William Desmond Taylor’s murder–notoriously unsolved since 1922–provides a good example of her technique. After describing the crime scene–“once he was turned over, it was evident that he was lying in a pool of blood…shot once in the back”–Di Mambro painstakingly describes the possible suspects, as well as those who obstructed justice. The list is mind-boggling: Paramount Studios, the LAPD, the actress Mary Miles Minter and her mother Charlotte Shelby, his “sociopath” houseman Edward Sands, the actress/prostitute Margaret Gibson, his younger brother Denis Deane-Turner, a professional hit man. (No wonder the crime remains unsolved.) In sifting through the various theories, Di Mambro makes a good case for Margaret Gibson, who after changing her name to Pat Lewis twice confessed to the murder, the second time on her deathbed.

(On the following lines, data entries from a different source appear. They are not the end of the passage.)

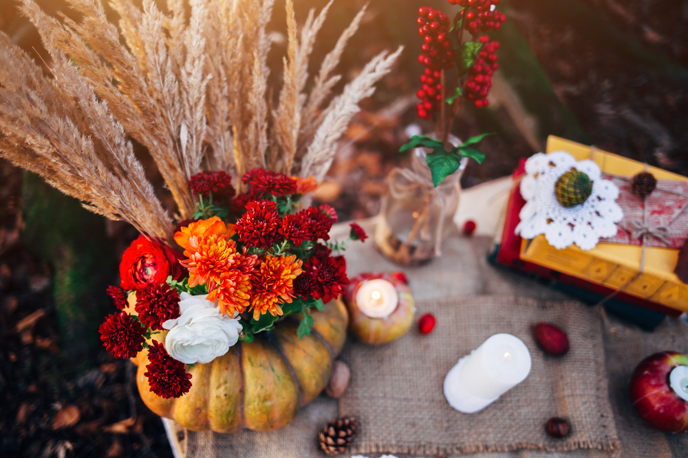 Repurpose your fall floral arrangements by adding a spooky twist with a pumpkin base. Take a medium-sized pumpkin and scoop out the insides, replacing them with a floral arrangement of dark, moody flowers such as black dahlias or deep red roses. For added effect, you can use mini LED candles inside the pumpkin to illuminate the arrangement, making it glow with a ghostly light. This combination of pumpkins and dark florals creates an eerie, elegant Halloween decoration that adds charm to your porch or front door.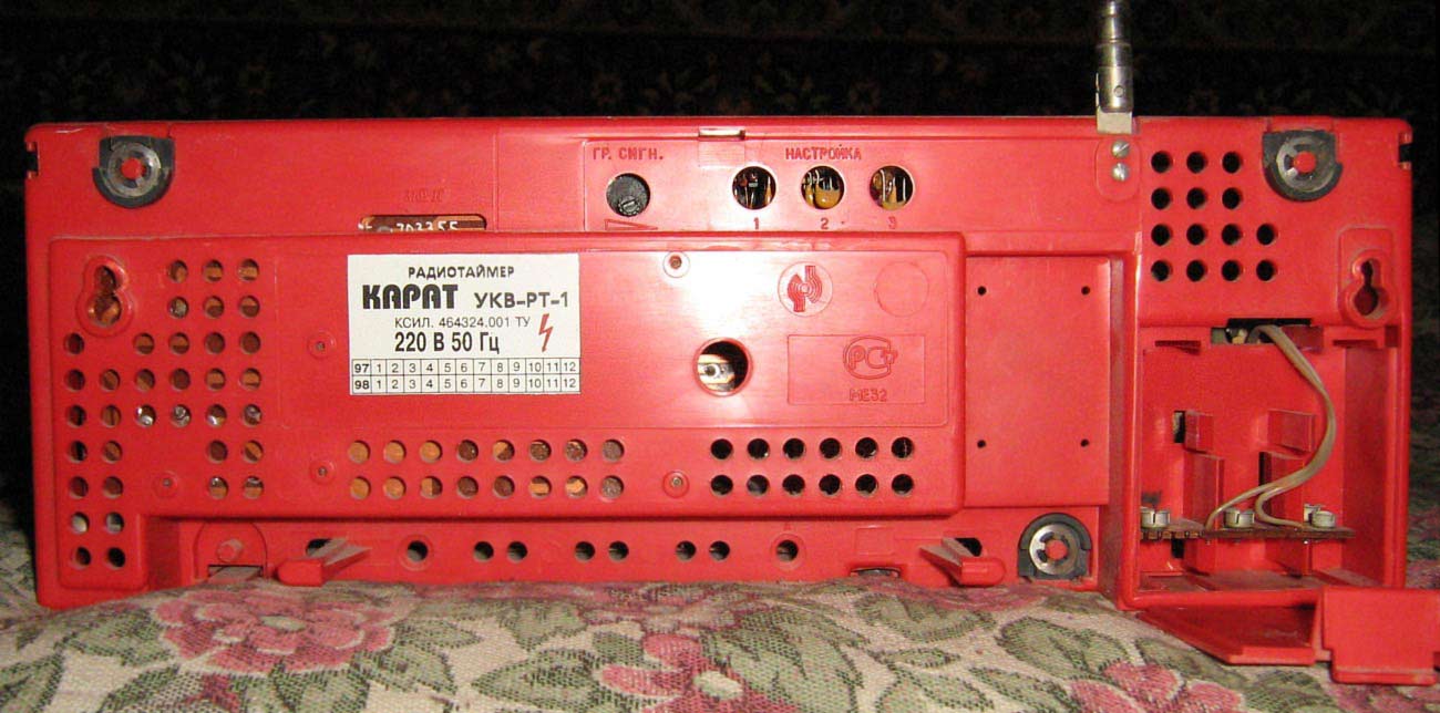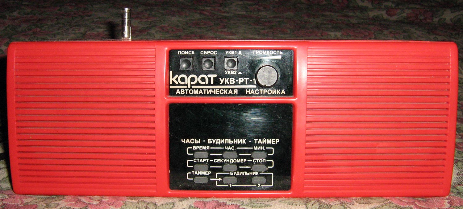 Стационарный транзисторный радиоприёмник *Карат УКВ РТ-1* с 1996 года выпускал Пензенский радиозавод. Радиотаймер **Карат УКВ РТ-1** предназначен для приёма радиовещательных станций работающих в диапазонах: ЧМ - 65,8...74,0 МГц (УКВ-1) и FM - 87,5...108,0 МГц (УКВ-2), а также включение и выключение радиоприёмника по встроенному таймеру. Таймер имеет функцию индикации текущего времени. Питание осуществляется от электросети 220 В. Диапазон звуковых частот воспроизводимых по звуковому давлению не уже 160...10000 Гц. Выходная номинальная мощность не менее 1 Вт. Потребляемая от сети мощность 10 Вт. Габариты радиотаймера 310х125х100 мм. Вес 1,8 кг. Антенна телескопическая. Питание для сохранения информации текущего времени при отключения сети осуществляется от батареи 9 В.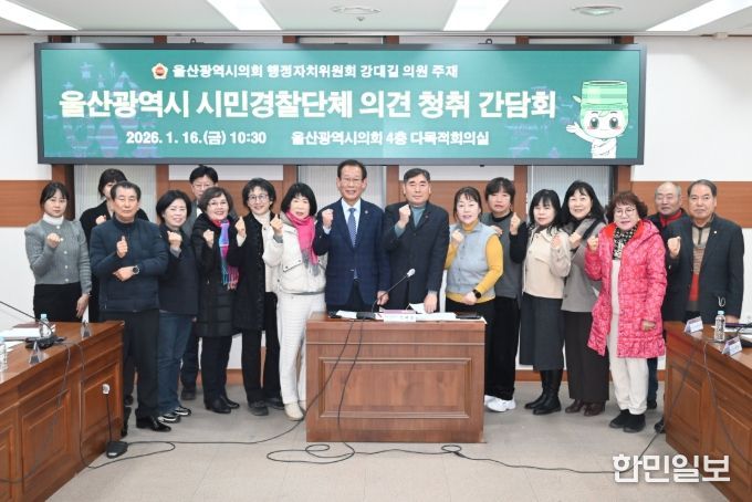 한민일보 서울포커스 임경복 기자 | 울산시의회 강대길 의원은 16일 의회 4층 다목적회의실에서 주민, 시민경찰단체, 경찰위원회ㆍ경찰청 관계 부서 등과 함께 ‘울산광역시 시민경찰단체 의견 청취’ 간담회를 개최했다.
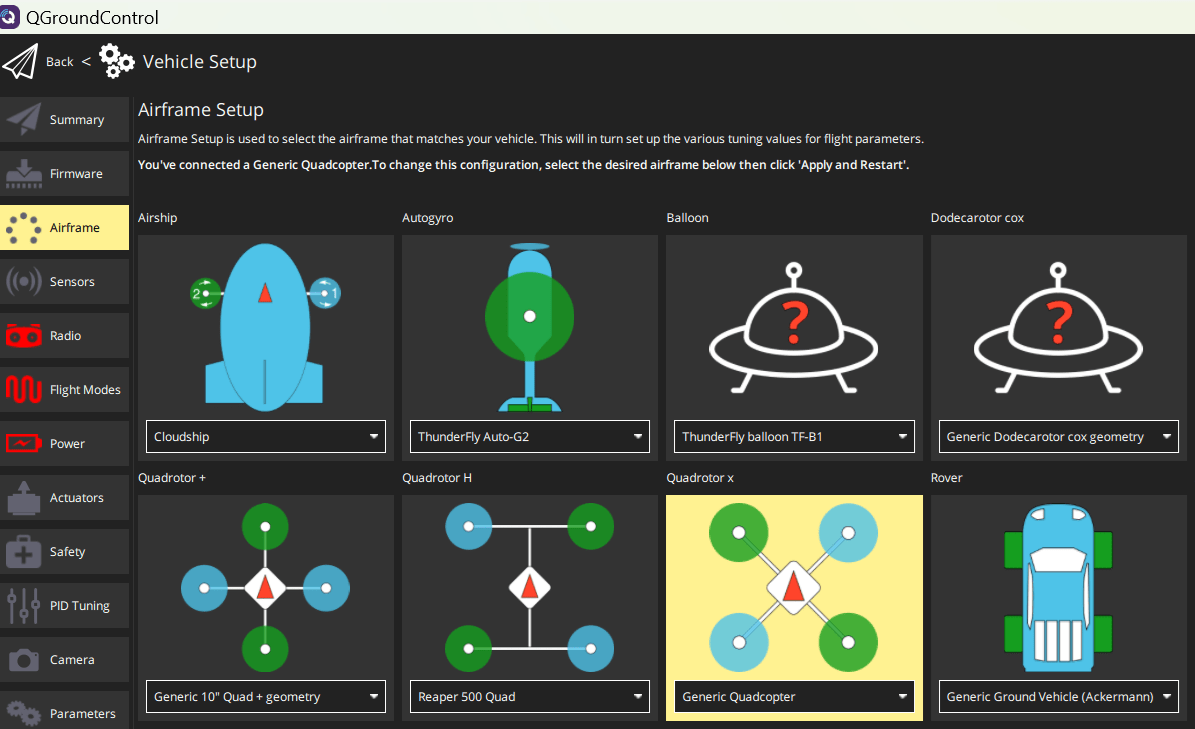 Select Generic Standard Plane. Click Apply and Restart on top-right of the Airframe Setup page.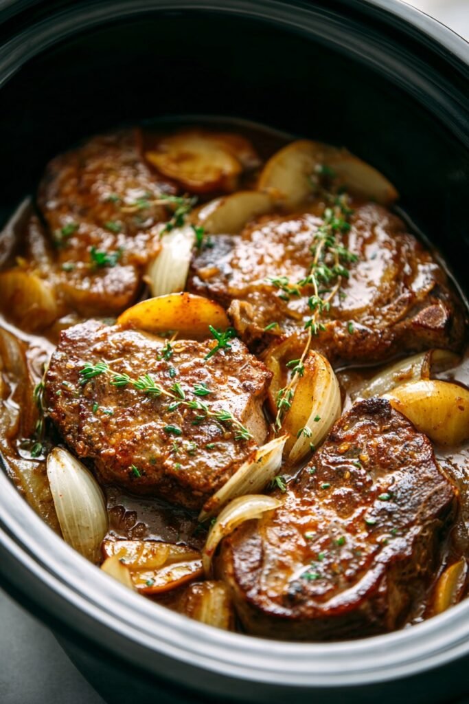 This Slow Cooker Pork Chops with Apples is a cozy, hands-off dinner made with tender pork chops, sweet apples, and warm savory flavors. Everything cooks low and slow for a comforting, family-friendly meal that’s perfect for busy weeknights or lazy weekends.

Other chapters shed new light on old crimes as well. I had always thought Thelma Todd’s death–her body was found in her car, in the garage of her Pacific Coast Highway house/restaurant–was a murder, possibly mob-related. Di Mambro makes a good case for accidental death by carbon monoxide poisoning, possibly abetted or covered up by Todd’s on-again, off-again lover, the director Roland West. As with Taylor’s murder, the case was muddied by a studio cover-up–in this case Hal Roach’s decision “that letting the matter go was in the best interest of his studio and the film industry as a whole.”

More recent cases–Natalie Wood’s, Bob Crane’s and Robert Blake”s–are not only thoroughly reviewed but updated. After a new inquest into Wood’s 1981 drowning, Di Mambro notes the actress’s death certificate was amended from “accidental drowning” to “drowning and other undetermined factors.” She adds a welcome familial angle to Bob Crane’s sordid 1978 murder by noting that the 2001 biographical film “Auto Focus” sparked a fight between his two sons (from different marriages) over Crane’s portrayal. The murder of Robert Blake’s wife Bonny Lee Bakley–in which Blake was found not guilty, though he subsequently lost a civil case–contains a poignant transcript. Blake and Bakley’s teenaged daughter, adopted and raised by Blake’s older daughter Delinah, no longer has contact with her father “because Delinah thought it was better that way.”

Not being a true crime fan, I sometimes felt overwhelmed by this litany of untimely deaths, whether accidental or homicidal. Yet I enjoyed the book’s unexpected theme: that fame, however big or resilient, is no match for the Grim Reaper, whose Hollywood work is some of his grimmest. Those who relish such tales will love True Hollywood Noir.